1. I am able to set this up in Minitab using some tricks, for a factorial design on the machine settings, but I would really rather do a central composite design on the machine settings. Does anyone know if this will cause an issue? I do not think so but just want to check.

2. Does anyone know of a good reference for split plot designs, or how to treat hard to cahnge variables?

3. The response will be the number of defects of a specific type. Does the response being limited to inter values cause any concerns? I think that I should report this as a percent. Does limiting the range to 0 to 1 raise any issues.

1. Minitab is capable of creating central composite designs. Search Minitab Help for information and examples. It should not cause any issues if properly set up.

2. Split plot designs are the correct approach for this scenario. Try these links http://www.itl.nist.gov/div898/handbook/pri/section5/pri55.htm and http://ansc.umd.edu/wwwfaculty/Douglass/Lecture Notes/08SplitPlot S04 Lec.pdf

3. DOEs are normally analyzed using ANOVA, which requires discrete levels of the x-variable and a continuous y-variable. If you must use a discrete y-variable, you may be forced to use a chi-square analysis, or a technique such as Taguchi's accumulation analysis.

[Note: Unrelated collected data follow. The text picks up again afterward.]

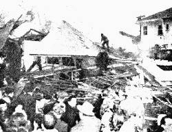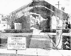 The residents of a house in Los Angeles, California, had to learn this in a quite painful way shortly before Christmas 1947. They had hired the Guarantee Fumigation Company to destroy the termites which threatened to eat up the wooden structure. The pest controllers, however, were apparently not very competent, because when using a container of pressurized HCN to fill the house, which had been wrapped up like a Christmas present, they exceeded safe limits and pumped in too much gas. (Fig. 2).[15] Due to unknown reasons, the mixture of air and HCN, which can be highly explosive under certain circumstances, ignited during the fumigation. The resulting explosion destroyed the entire dwelling.[16]
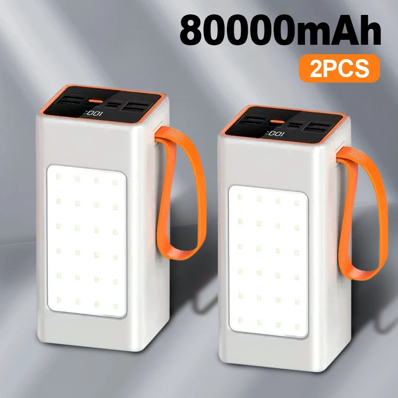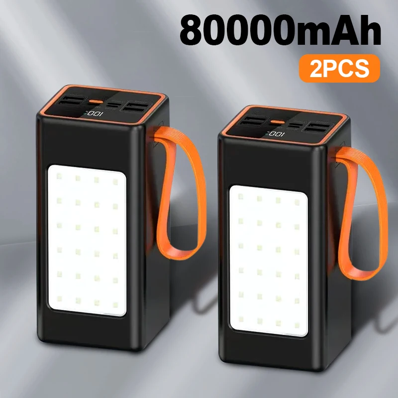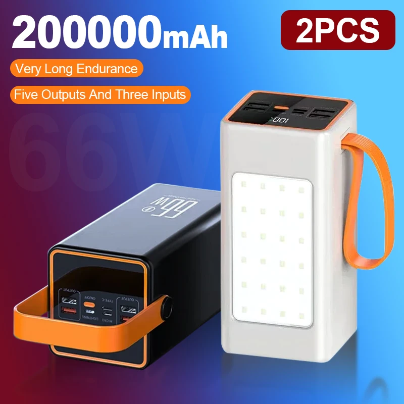 2PCS power banks 200000mAh High Capacity 66W Fast Charger Waterproof Rechargeable Battery For Mobile Phone Camping LED Light
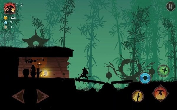2、剪影式画风和爽快的杀敌感,体验忍者的墨色江湖。
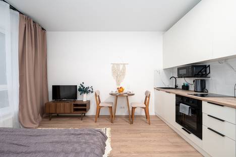 Просторная студия с современным дизайнерским ремонтом и собственной кухней в новом доме. Расположение всего в 5 минутах до Лиговского проспекта.
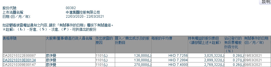 公开资料显示,3月8日,廖伊曼女士增持中汇集团27万股,每股均价7.4港元,总金额为199.8万港元;3月9日,廖伊曼女士增持公司13万股,每股均价7.2994港元,总金额约为94.9万港元;3月19日,廖伊曼女士继续增持公司12.6万股,每股均价7.7256港元,总金额约为97.3万港元。
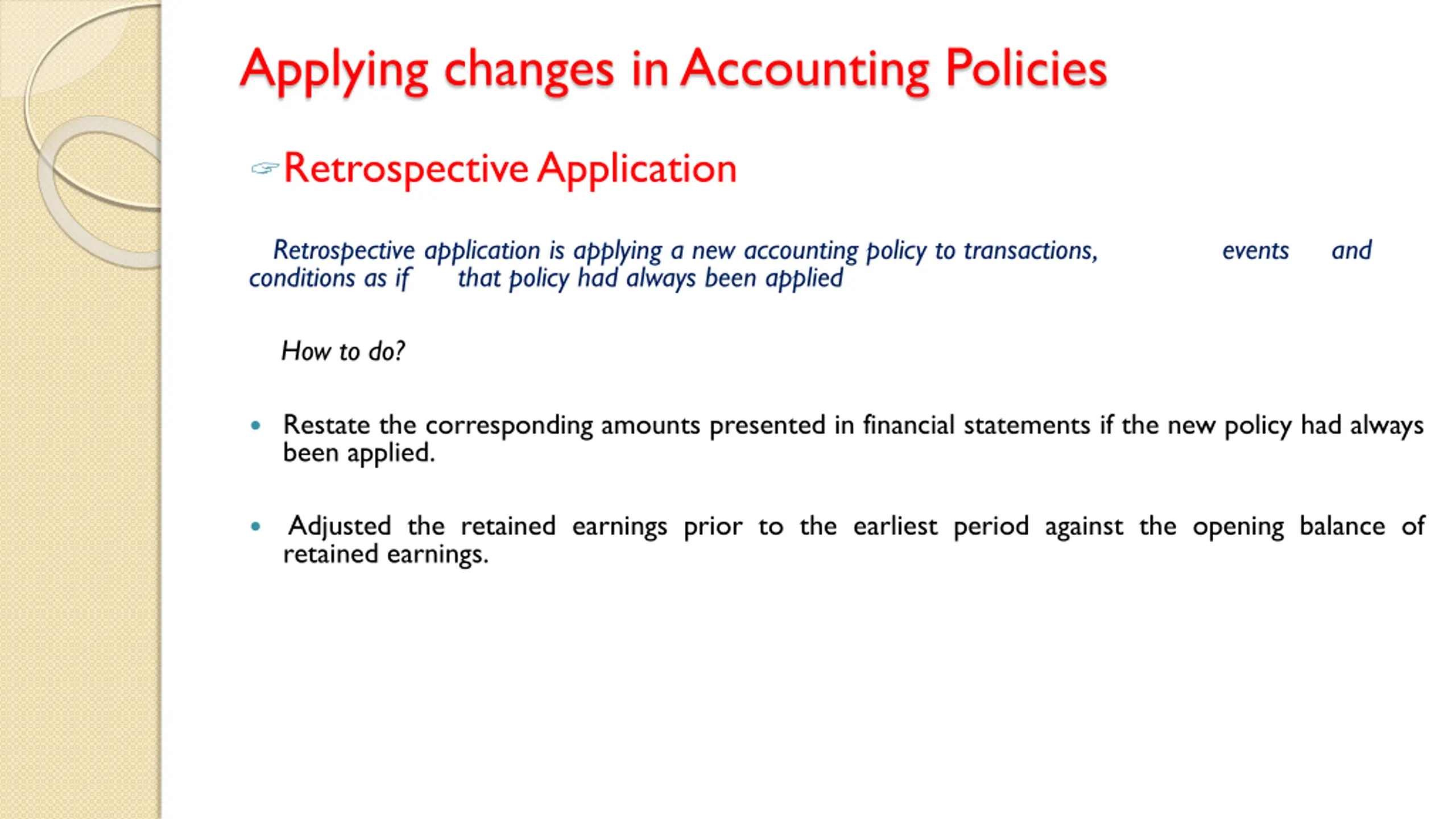 Applying changes in Accounting Policies Retrospective Application Retrospective application is applying a new accounting policy to transactions, conditions as if that policy had always been applied events and How to do? Restate the corresponding amounts presented in financial statements if the new policy had always been applied. Adjusted the retained earnings prior to the earliest period against the opening balance of retained earnings.
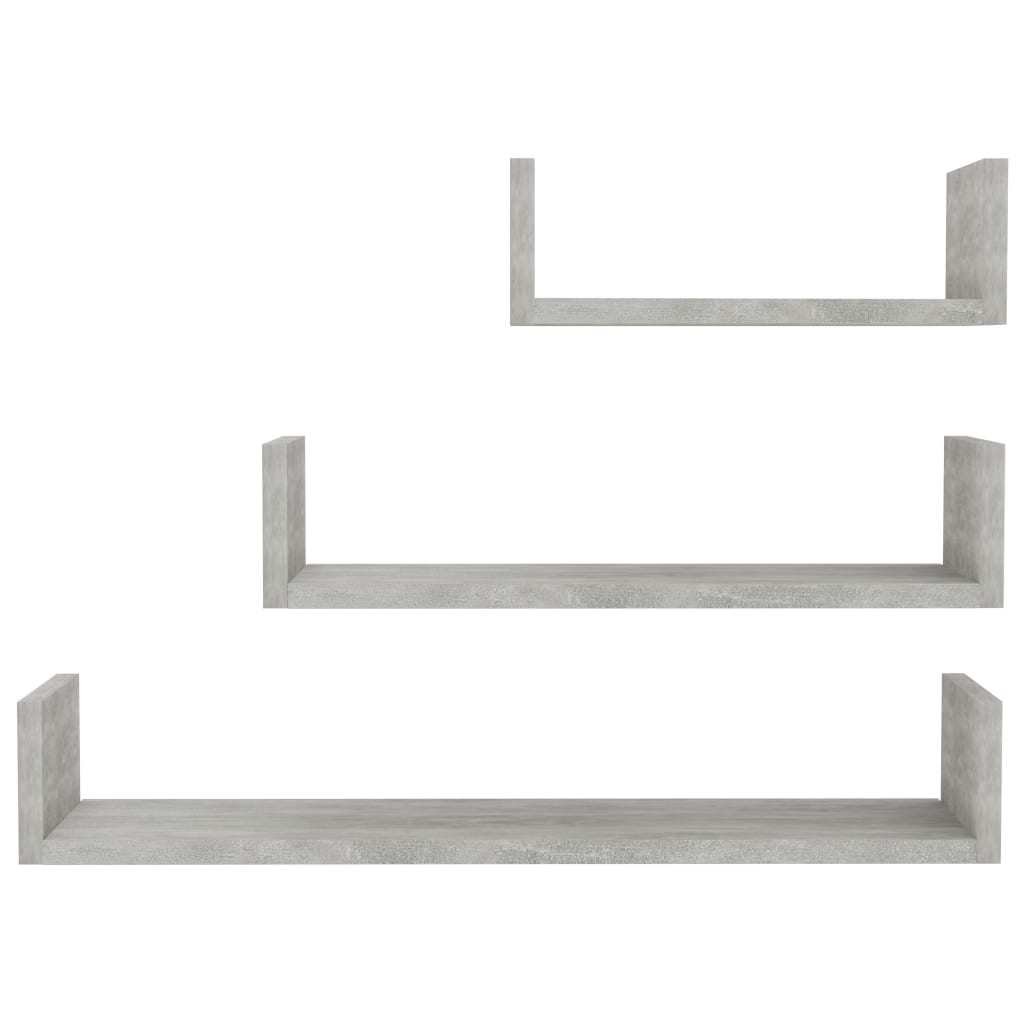 1.Wall Display Shelf 3 pcs Concrete Gray Chipboard
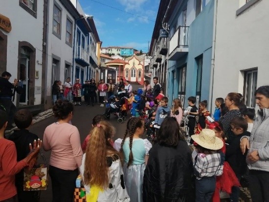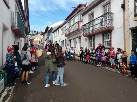 No dia em questão, a turma da pré, as turmas do 1º Ciclo e a turma PEREE percorreram as principais ruas da Vila do Topo, e diversos espaços da escola, como os serviços administrativos, o Conselho Executivo, as salas de professores e de auxiliares, a cozinha e a biblioteca.
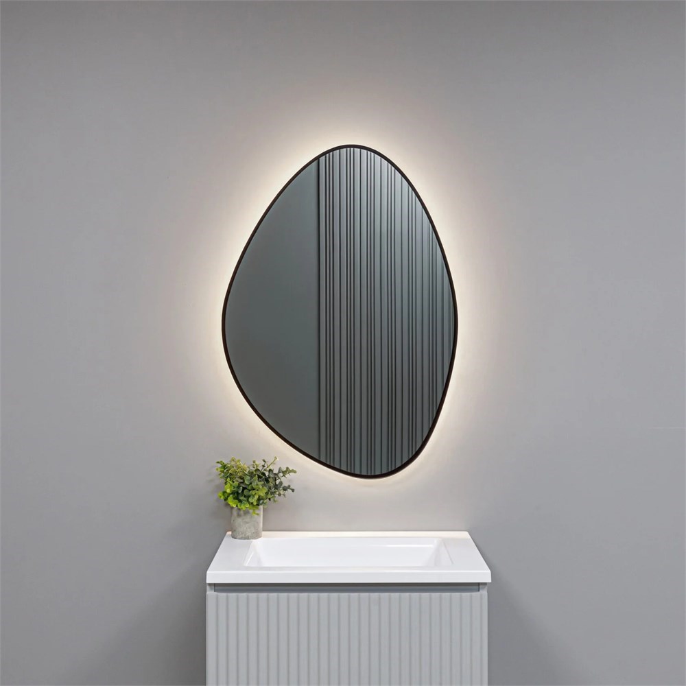 Назначение: для ванной; Монтаж: на стену вертикальный или горизонтальный; Подсветка: LED трех оттенков; Цвет рамки: черный; Управление подсветкой: сенсорное

Can you use defect size, or defect density (# / unit area)? If you can somehow transform your response into a continuous variable, your chances of success are much greater.
 
D

davis007

Thank you Miner

The defect ether is or is not present in the part. So the best i can do is a continuous variable between 0 and 1, frequency. I will look into transforming the response.


New information.

We have agreed on 3 factors on the equipment side, and to only test one manufacturer. Unfortunately the lot size of material will only allow us to test 4 set points per lot.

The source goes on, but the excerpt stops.